*** Collected material

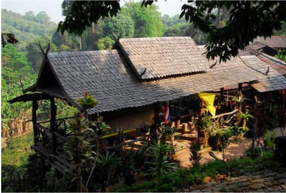
Coffee Shop on top of Mountain

Christmas day 2006. We decided to load up the car with a few goodies for disadvantaged hill tribe kids and embark on a good deed run. We targeted the Hmong village at the summit of Doi Suthep. As we neared the top the covered road became dirt track and we wondered if we would ever find the village. Then we approached a magical scene: A coffee shop perched on the side of the mountain, overlooking a plantation and Chiang Mai. The skies were blue and it was a very cool 15c.
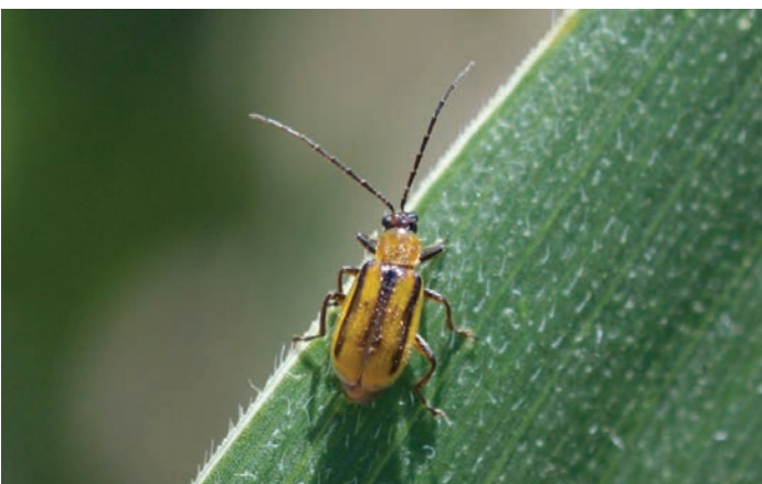
Figure 3. Western corn rootworm
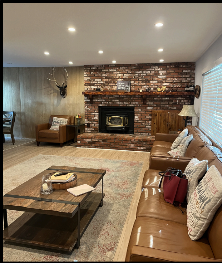
Old, dated furnishings, poor use of furniture placement.

******

What you need to do -> When you reach the line containing "Figure 3. Western corn rootworm" in the listing above, reproduce it and every line after it through the last, exactly; omit the pictures.

Answer for the task ->
Figure 3. Western corn rootworm
Old, dated furnishings, poor use of furniture placement.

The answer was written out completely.